Un cas reflète des difficultés liées à la détermination du type de terrain et de la limite de reconnaissance des terrains résidentiels lors des procédures de délivrance du certificat de droit d'utilisation des terres pour la première fois après la fusion des unités administratives. Selon les réflexions, le lieu de résidence était auparavant une ville, mais après la réorganisation, l'unité administrative a été identifiée comme une commune montagneuse.
Les habitants se demandent dans ce cas, lors de la première demande de titre foncier, si la limite de reconnaissance des terres résidentielles est appliquée conformément à la limite des zones montagneuses ou non.
Concernant ce contenu, le ministère de l'Agriculture et de l'Environnement a indiqué qu'au point a du paragraphe 3 de l'article 9 de la loi foncière de 2024, les terrains résidentiels sont divisés en terrains résidentiels dans les zones rurales et en terrains résidentiels dans les zones urbaines.

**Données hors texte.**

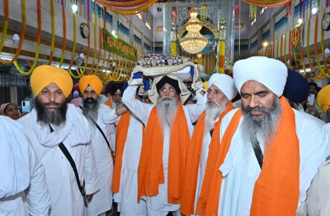 ਸ਼੍ਰੋਮਣੀ ਗੁਰਦੁਆਰਾ ਪ੍ਰਬੰਧਕ ਕਮੇਟੀ ਵੱਲੋਂ ਨੌਵੇਂ ਪਾਤਸ਼ਾਹ ਸ੍ਰੀ ਗੁਰੂ ਤੇਗ ਬਹਾਦਰ ਸਾਹਿਬ ਜੀ ਦੇ ਸ਼ਹੀਦੀ ਸਾਕੇ ਦੀ 350 ਸਾਲਾ ਸ਼ਤਾਬਦੀ ਦੇ ਸਬੰਧ ਵਿਚ ਗੁਰਦੁਆਰਾ ਧੋਬੜੀ ਸਾਹਿਬ ਆਸਾਮ ਤੋਂ ਆਰੰਭ ਹੋਇਆ ਸ਼ਹੀਦੀ ਨਗਰ ਕੀਰਤਨ ਅੱਜ ਖ਼ਾਲਸਈ ਜਾਹੋ ਜਲਾਲ ਨਾਲ ਤਖ਼ਤ ਸ੍ਰੀ ਦਮਦਮਾ ਸਾਹਿਬ ਤਲਵੰਡੀ ਸਾਬੋ ਤੋਂ ਆਪਣੇ ਅਗਲੇ ਪੜਾਅ ਗੁਰਦੁਆਰਾ ਸ੍ਰੀ ਦਰਬਾਰ ਸਾਹਿਬ ਸ੍ਰੀ ਮੁਕਤਸਰ ਸਾਹਿਬ ਲਈ ਰਵਾਨਾ ਹੋਇਆ। ਨਗਰ ਕੀਰਤਨ ਦੀ ਰਵਾਨਗੀ ਤੋਂ ਪਹਿਲਾਂ ਸ਼੍ਰੋਮਣੀ ਕਮੇਟੀ ਪ੍ਰਧਾਨ ਐਡਵੋਕੇਟ ਹਰਜਿੰਦਰ ਸਿੰਘ ਧਾਮੀ ਤੇ ਤਖ਼ਤ ਸ੍ਰੀ ਦਮਦਮਾ ਸਾਹਿਬ ਦੇ ਜਥੇਦਾਰ ਗਿਆਨੀ ਟੇਕ ਸਿੰਘ ਨੇ ਪੰਜ ਪਿਆਰੇ ਸਾਹਿਬਾਨ ਅਤੇ ਨਿਸ਼ਾਨਚੀ ਸਿੰਘਾਂ ਨੂੰ ਸਿਰੋਪਾਓ ਦਿੱਤੇ।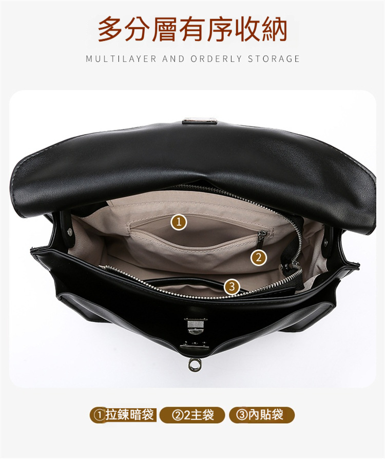 👜結構:主袋、內貼袋、拉鍊內貼袋、前置袋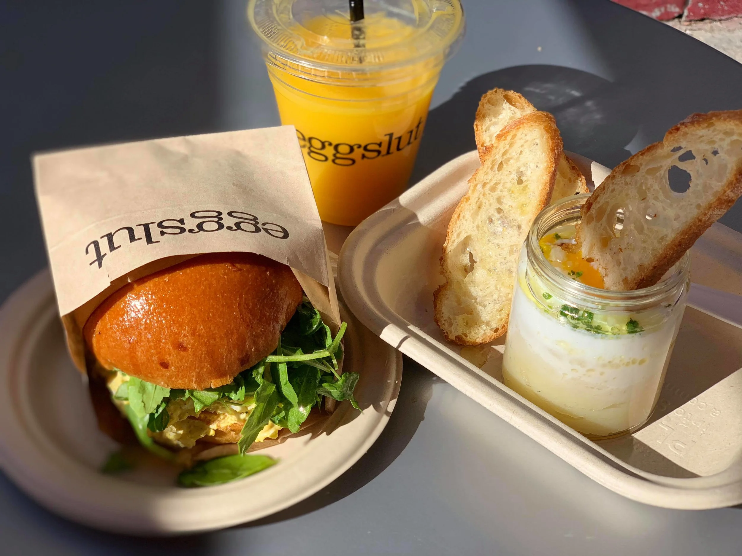 The orange juice at Eggslut was some of the best I’ve ever had, rumored to be 100% pure. Bottom left is the namesake dish the ‘slut',’ featuring a runny egg on top of potato gratin in a jar, with crispy baguette to dip. Left, egg-salad sandwich, also some of the best I’ve had. Needless to say, the restaurant knows its eggs.

Le ministère de l'Agriculture et de l'Environnement a ajouté les dispositions des points a, b du paragraphe 1 de l'article 5 du décret 102/2024/ND-CP, qui ont été modifiées et complétées au paragraphe 1 de l'article 13 du décret 49/2026/ND-CP, qui déterminent que les terrains résidentiels dans les zones rurales sont des terrains résidentiels relevant du champ d'application des unités administratives au niveau communal et des zones spéciales, à l'exception de certains cas relevant de nouveaux projets urbains conformément à la planification approuvée.
À partir de cette réglementation, le ministère de l'Agriculture et de l'Environnement a déclaré qu'après la réorganisation des unités administratives, les zones relevant des communes seront définies comme des terrains résidentiels dans les zones rurales.
Concernant la limite de reconnaissance des terrains résidentiels, le ministère de l'Agriculture et de l'Environnement a déclaré que le paragraphe 5 de l'article 141 de la loi foncière stipule que cette compétence relève du Comité populaire provincial. Par conséquent, la détermination de la limite de terrain résidentiel reconnue après la fusion des unités administratives relève de la compétence du Comité populaire de la ville de Hanoï dans le cas mentionné.
Ainsi, la question de savoir s'il faut appliquer ou non une limite de reconnaissance des terres résidentielles selon les zones montagneuses n'est pas déterminée par les habitants eux-mêmes, mais doit être basée sur les réglementations promulguées par le Comité populaire provincial pour les zones après la fusion.
Le ministère de l'Agriculture et de l'Environnement demande aux citoyens s'ils ont encore des problèmes liés à la limite de reconnaissance des terres résidentielles lors de la délivrance du certificat, de contacter l'organisme de gestion foncière local pour obtenir des conseils et des informations conformément à la réglementation.